• WHAT IS BEING ASKED: Skip the pictures and repeat each line of the data exactly.

• INFORMATION GIVEN:

*** Block opens ***

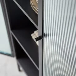 Directement inspirĂ© de l’ameublement factory, le vaisselier en mĂ©tal Annet sĂ©duit par son design tout en sobriĂ©tĂ© et par l’accord parfait des deux matĂ©riaux qui le composent : le mĂ©tal lisse protĂ©gĂ© par un revĂŞtement en poudre qui n’en change pas l’aspect et le verre trempĂ© texturĂ©. Les portes opaques, laissent deviner le contenu du vaisselier sans rĂ©ellement le dĂ©voiler, elles restent bien fermĂ©es grâce aux aimants et s’ouvrent avec des poignĂ©es discrètes. D’une Ă©lĂ©gance intemporelle tout en sobriĂ©tĂ©, c’est un meuble d’une belle facture, gĂ©nĂ©reux en rangement : il reçoit facilement la vaisselle et le linge de table. S’il est parfait au sĂ©jour ou au salon, le vaisselier en mĂ©tal Annet trouve aussi facilement sa place dans la chambre pour ranger des vĂŞtements pliĂ©s ou le linge de nuit. Dans une grande salle de bain, il organisera avec style les serviettes et produits de toilette. Â
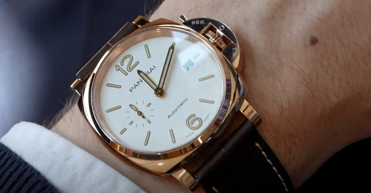 Das 42 mm große Roségoldgehäuse wirkt kraftvoll und zugleich elegant – mit typischer Kronenschutzbrücke, die Panerai zum ikonischen Wiedererkennungsmerkmal gemacht hat. Trotz des edlen Goldglanzes bleibt die Uhr dezent – ein Understatement für Kenner.
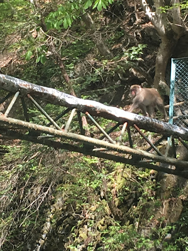 2018.4月21日、10時頃のイワナヤマメエリアの中間辺りの写真です。 まさかのお猿さん出現です。まぁこちらから何かしなければ全然安全なので嬉しい出現でしたね。近くで滅多に見れる物じゃないですし。 後、時期は忘れましたが同じ場所の斜面でニホンカモシカも見た事がありますよ。
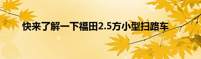 整体来看,福田2.5方小型扫路车小巧精致,配置优、动力强、功能齐全,清扫更干净,是一款使用价值非常高的车辆。
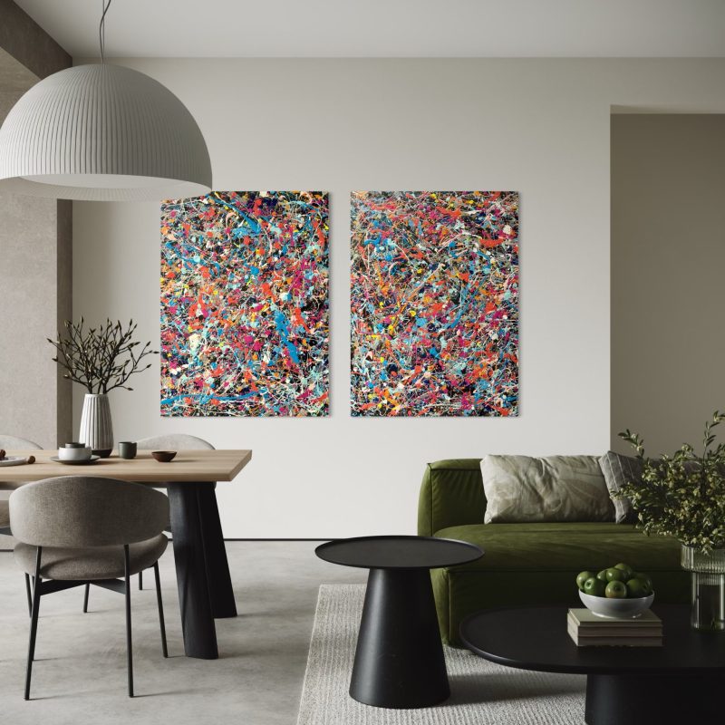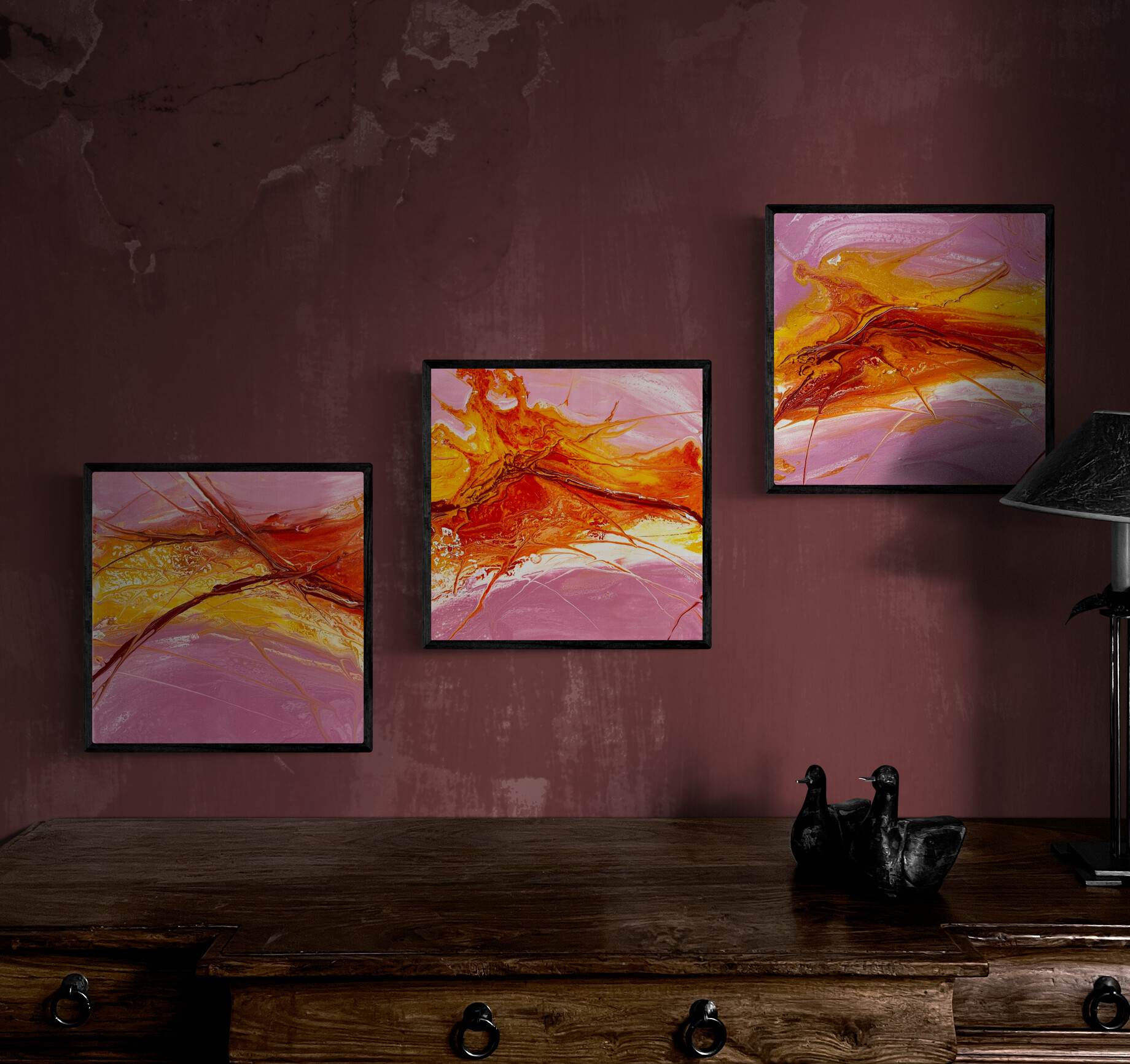 Influence: This fun little triptych is mischievous and bold. Using the acrylic pour method in bright yellows and reds, it mimics the cheeky, bashful kisses shared amongst shy young lovers.
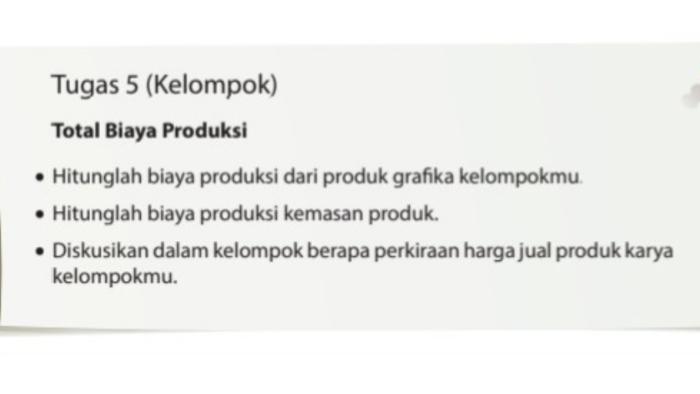 - Hitunglah biaya produksi dari produk grafika kelompokmu.
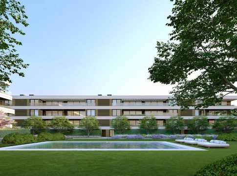 Amenabar iniciará este próximo lunes 7 de junio la comercialización de estas viviendas. Este nuevo concepto de vivienda ofrece muchas ventajas frente a las tradicionales urbanizaciones de vivienda unifamiliar ya que, sin renunciar a un espacio de vivienda equivalente, ofrece zonas comunes con prestaciones superiores a las de un unifamiliar convencional: tres piscinas exteriores, una biblioteca, espacio de coworking, sauna, spa, gimnasio, salas polivalentes, lobby gastronómico, kids club, toboganes, muchos espacios comunes en un marco paisajístico único.
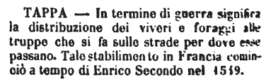 | Tappa - In termine di guerra significa la distribuzione dei viveri e foraggi alle truppe che si fa sulle strade per dove esse passano. Tale stabilimento in Francia cominciò a tempo di Enrico Secondo nel 1519. [immagine] |
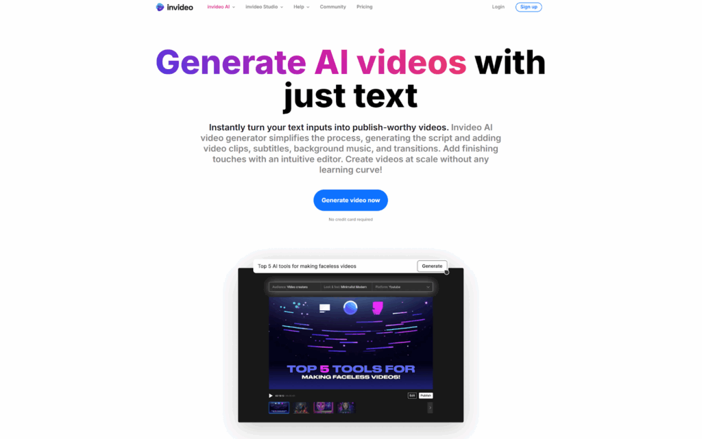 InVideo is a powerhouse online editor that combines a vast template library with robust AI features. Its strength lies in versatility, offering both a text-to-video AI tool and a comprehensive editing workspace. Creators can input an article URL or a description, and InVideo’s AI will craft a video draft complete with scenes, a voiceover, and text animations. With thousands of templates pre-formatted for every major social platform, it’s ideal for creators who need to maintain a consistent output across YouTube, Instagram, and Facebook.
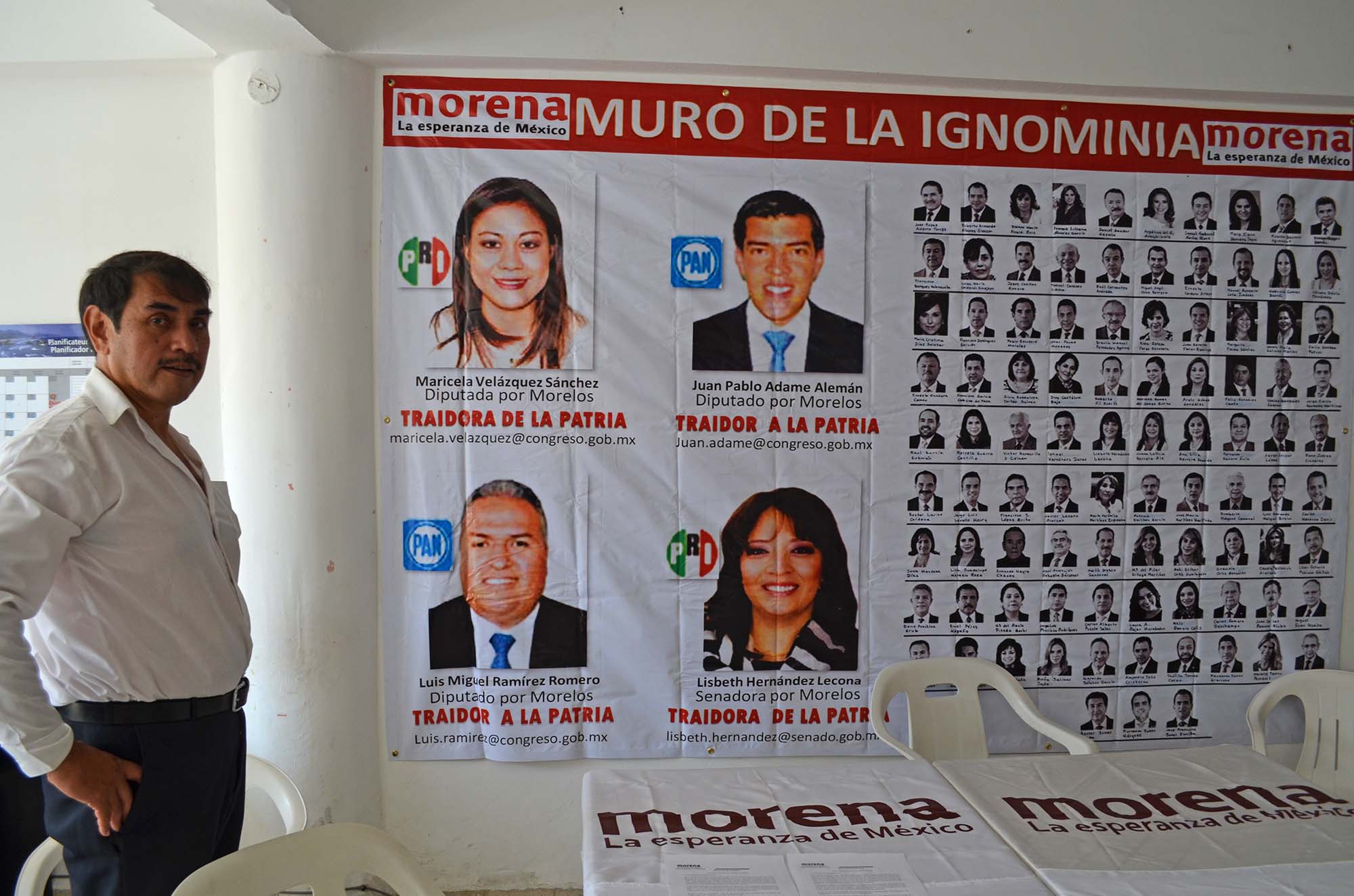 Cuernavaca, Morelos; 13 de febrero de 2014. La organización política Movimiento Regeneración Nacional exhibirá a los diputados Maricela Velázquez Sánchez, Miguel Ángel Ramírez Romero, Juan Pablo Adame Alemán, del PRI y del PAN, así como a la senadora priista Lisbeth Hernández Lecona, en una manta denominada “Muro de la ignominia”, ya que votaron en favor de la reforma energética propuesta por Enrique Peña Nieto, la cual se considera como una traición a la patria, aseveró Cristóbal Vargas Morales, consejero nacional de la organización política Morena.
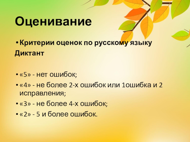 Критерии оценок по русскому языку
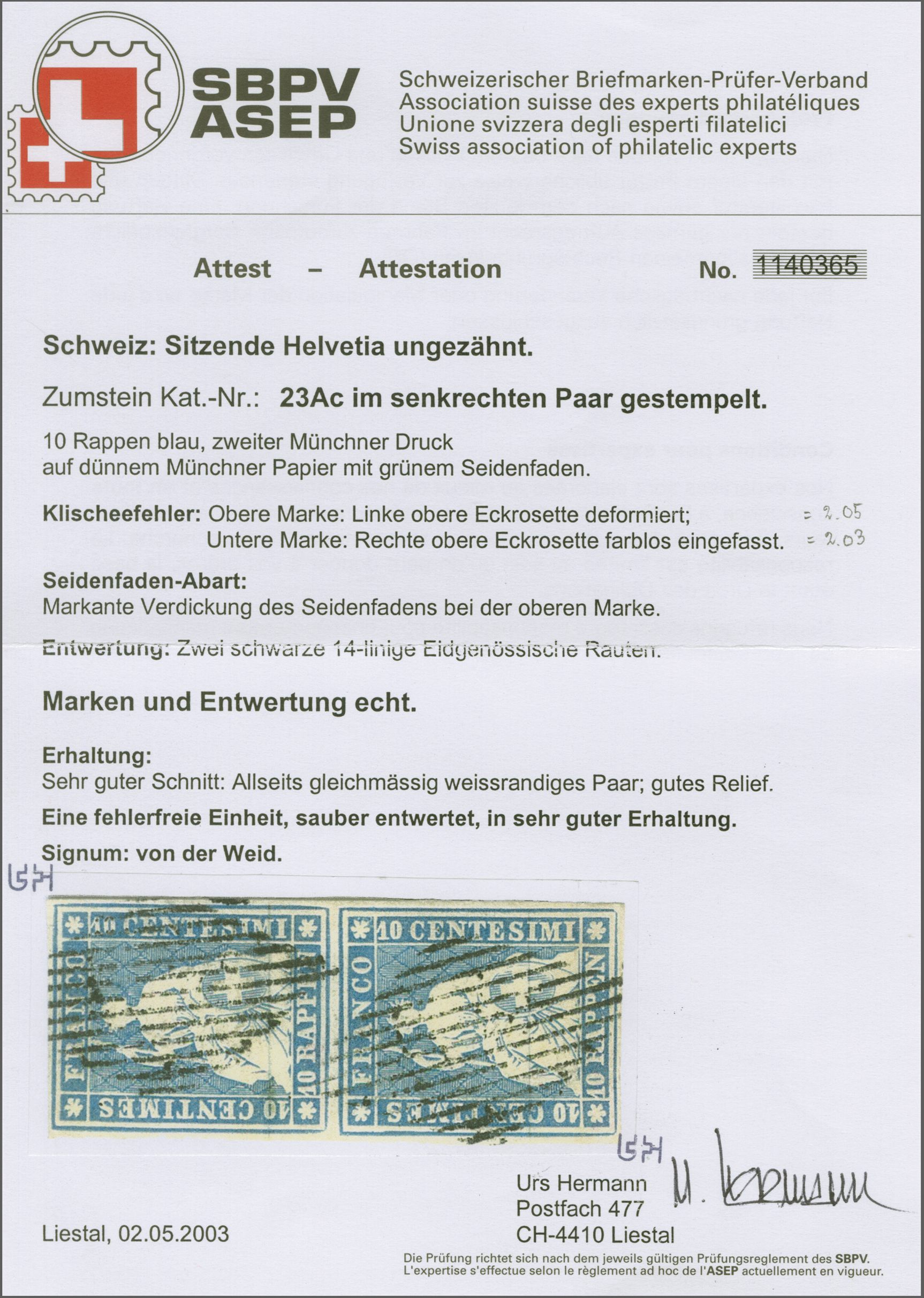 Einheit, je zartklar entw. mit eidg. Raute, auch die Plattenfehler freilassend. Attest Hermann (2003) (Image 1)
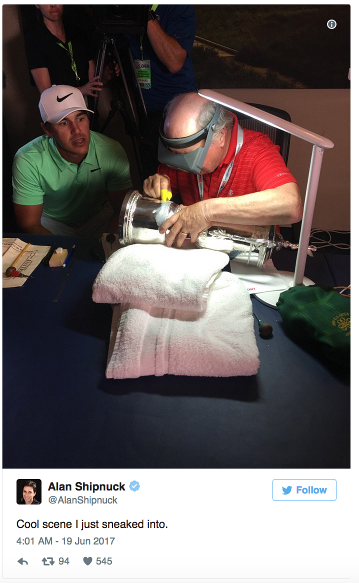Koepka, who by virtue of his victory moved to 10th in the World Ranking, can seem unaffected to the point of being aloof, but on Sunday night, in a small room in the corner of a large white tent that was serving as a temporary locker room, he finally let down his guard. He was sitting at the elbow of a gray-haired gent who was engraving KOEPKA onto a trophy already adorned with so many glittering names.
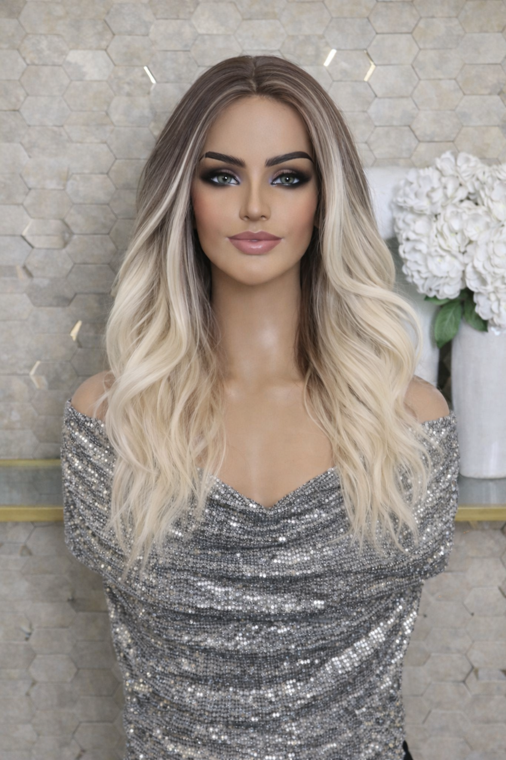 Peruca are o nuanță ombre elegant, cu rădăcini șaten deschis bej care se estompează treptat într-un blond perlat luminos, creând o tranziție naturală și sofisticată. Jocul de tonuri reci și calde oferă profunzime și un efect vizual rafinat, potrivit oricărui tip de ten.
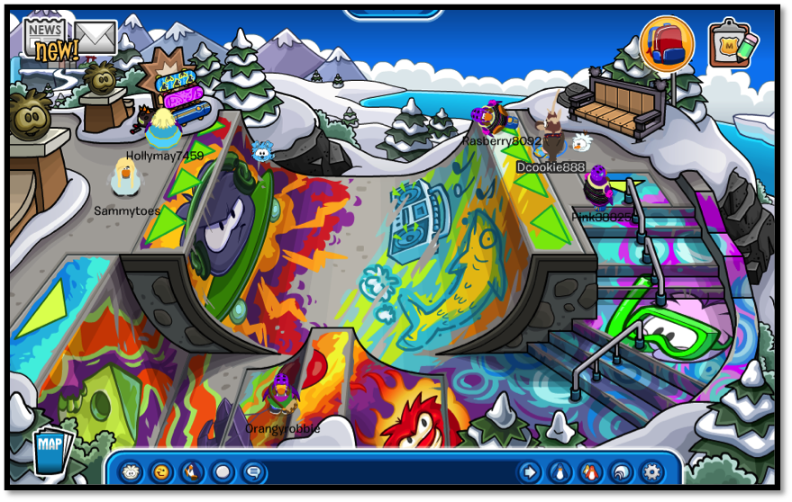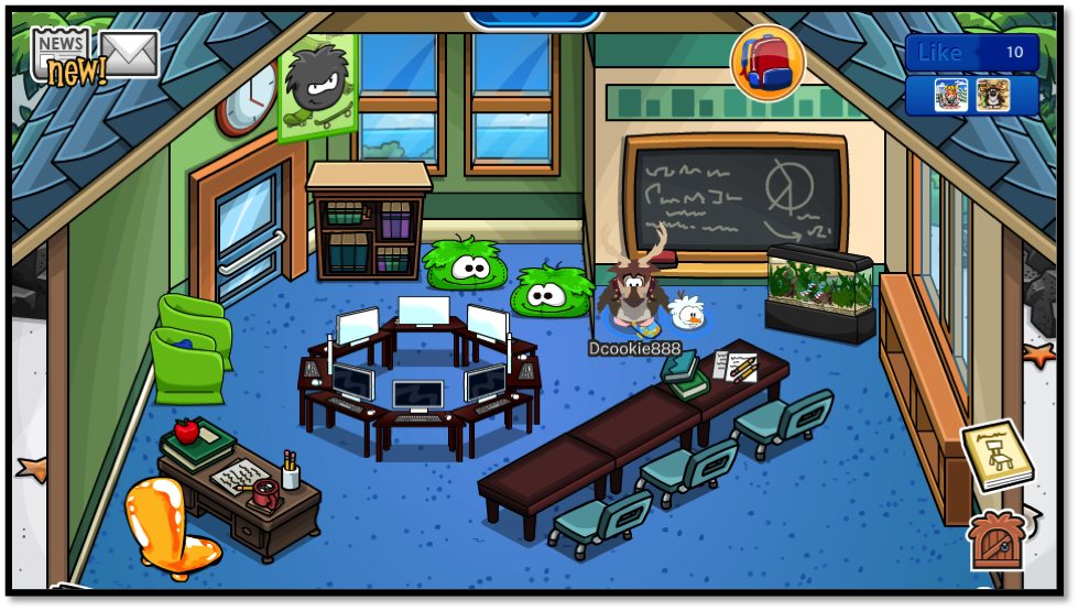 A new skate park has been constructed with a sick half-pipe where Penguins are donning pro-helmets and flashy new skater threads while carving until their hearts are content. Do not be alarmed, “sick” is a way of paying a compliment to something that is well… cool. There are even stairs with rails so penguin-skaters can practice grinding with their new boards that they collect during the scavenger hunt. The scavenger hunt quest for the back to school party is all about cleaning up the school after Rookie makes a big mess while he prepares to throw a grand back to school party. Players are directed to different areas to “clean up” by clicking on items that are causing mayhem and safety concerns everywhere. Spilled paint, sandwiches and science beakers – someone will get hurt if we don’t pick it all up! During the scavenger hunt, players are rewarded with new skateboards, skater threads, pro-helmets and even a school house igloo! Schoolhouse furniture items and skater clothes are also available in the new September catalogs. Check out Dcookie888’s new schoolhouse igloo that he has decked out with new computer desks and puffle beanbags.

*** Block closes ***

• THE ANSWER:
 Directement inspirĂ© de l’ameublement factory, le vaisselier en mĂ©tal Annet sĂ©duit par son design tout en sobriĂ©tĂ© et par l’accord parfait des deux matĂ©riaux qui le composent : le mĂ©tal lisse protĂ©gĂ© par un revĂŞtement en poudre qui n’en change pas l’aspect et le verre trempĂ© texturĂ©. Les portes opaques, laissent deviner le contenu du vaisselier sans rĂ©ellement le dĂ©voiler, elles restent bien fermĂ©es grâce aux aimants et s’ouvrent avec des poignĂ©es discrètes. D’une Ă©lĂ©gance intemporelle tout en sobriĂ©tĂ©, c’est un meuble d’une belle facture, gĂ©nĂ©reux en rangement : il reçoit facilement la vaisselle et le linge de table. S’il est parfait au sĂ©jour ou au salon, le vaisselier en mĂ©tal Annet trouve aussi facilement sa place dans la chambre pour ranger des vĂŞtements pliĂ©s ou le linge de nuit. Dans une grande salle de bain, il organisera avec style les serviettes et produits de toilette. Â
 Das 42 mm große Roségoldgehäuse wirkt kraftvoll und zugleich elegant – mit typischer Kronenschutzbrücke, die Panerai zum ikonischen Wiedererkennungsmerkmal gemacht hat. Trotz des edlen Goldglanzes bleibt die Uhr dezent – ein Understatement für Kenner.
 2018.4月21日、10時頃のイワナヤマメエリアの中間辺りの写真です。 まさかのお猿さん出現です。まぁこちらから何かしなければ全然安全なので嬉しい出現でしたね。近くで滅多に見れる物じゃないですし。 後、時期は忘れましたが同じ場所の斜面でニホンカモシカも見た事がありますよ。
 整体来看,福田2.5方小型扫路车小巧精致,配置优、动力强、功能齐全,清扫更干净,是一款使用价值非常高的车辆。
 Influence: This fun little triptych is mischievous and bold. Using the acrylic pour method in bright yellows and reds, it mimics the cheeky, bashful kisses shared amongst shy young lovers.
 - Hitunglah biaya produksi dari produk grafika kelompokmu.
 Amenabar iniciará este próximo lunes 7 de junio la comercialización de estas viviendas. Este nuevo concepto de vivienda ofrece muchas ventajas frente a las tradicionales urbanizaciones de vivienda unifamiliar ya que, sin renunciar a un espacio de vivienda equivalente, ofrece zonas comunes con prestaciones superiores a las de un unifamiliar convencional: tres piscinas exteriores, una biblioteca, espacio de coworking, sauna, spa, gimnasio, salas polivalentes, lobby gastronómico, kids club, toboganes, muchos espacios comunes en un marco paisajístico único.
 | Tappa - In termine di guerra significa la distribuzione dei viveri e foraggi alle truppe che si fa sulle strade per dove esse passano. Tale stabilimento in Francia cominciò a tempo di Enrico Secondo nel 1519. [immagine] |
 InVideo is a powerhouse online editor that combines a vast template library with robust AI features. Its strength lies in versatility, offering both a text-to-video AI tool and a comprehensive editing workspace. Creators can input an article URL or a description, and InVideo’s AI will craft a video draft complete with scenes, a voiceover, and text animations. With thousands of templates pre-formatted for every major social platform, it’s ideal for creators who need to maintain a consistent output across YouTube, Instagram, and Facebook.
 Cuernavaca, Morelos; 13 de febrero de 2014. La organización política Movimiento Regeneración Nacional exhibirá a los diputados Maricela Velázquez Sánchez, Miguel Ángel Ramírez Romero, Juan Pablo Adame Alemán, del PRI y del PAN, así como a la senadora priista Lisbeth Hernández Lecona, en una manta denominada “Muro de la ignominia”, ya que votaron en favor de la reforma energética propuesta por Enrique Peña Nieto, la cual se considera como una traición a la patria, aseveró Cristóbal Vargas Morales, consejero nacional de la organización política Morena.
 Критерии оценок по русскому языку
 Einheit, je zartklar entw. mit eidg. Raute, auch die Plattenfehler freilassend. Attest Hermann (2003) (Image 1)
Koepka, who by virtue of his victory moved to 10th in the World Ranking, can seem unaffected to the point of being aloof, but on Sunday night, in a small room in the corner of a large white tent that was serving as a temporary locker room, he finally let down his guard. He was sitting at the elbow of a gray-haired gent who was engraving KOEPKA onto a trophy already adorned with so many glittering names.
 Peruca are o nuanță ombre elegant, cu rădăcini șaten deschis bej care se estompează treptat într-un blond perlat luminos, creând o tranziție naturală și sofisticată. Jocul de tonuri reci și calde oferă profunzime și un efect vizual rafinat, potrivit oricărui tip de ten.
 A new skate park has been constructed with a sick half-pipe where Penguins are donning pro-helmets and flashy new skater threads while carving until their hearts are content. Do not be alarmed, “sick” is a way of paying a compliment to something that is well… cool. There are even stairs with rails so penguin-skaters can practice grinding with their new boards that they collect during the scavenger hunt. The scavenger hunt quest for the back to school party is all about cleaning up the school after Rookie makes a big mess while he prepares to throw a grand back to school party. Players are directed to different areas to “clean up” by clicking on items that are causing mayhem and safety concerns everywhere. Spilled paint, sandwiches and science beakers – someone will get hurt if we don’t pick it all up! During the scavenger hunt, players are rewarded with new skateboards, skater threads, pro-helmets and even a school house igloo! Schoolhouse furniture items and skater clothes are also available in the new September catalogs. Check out Dcookie888’s new schoolhouse igloo that he has decked out with new computer desks and puffle beanbags.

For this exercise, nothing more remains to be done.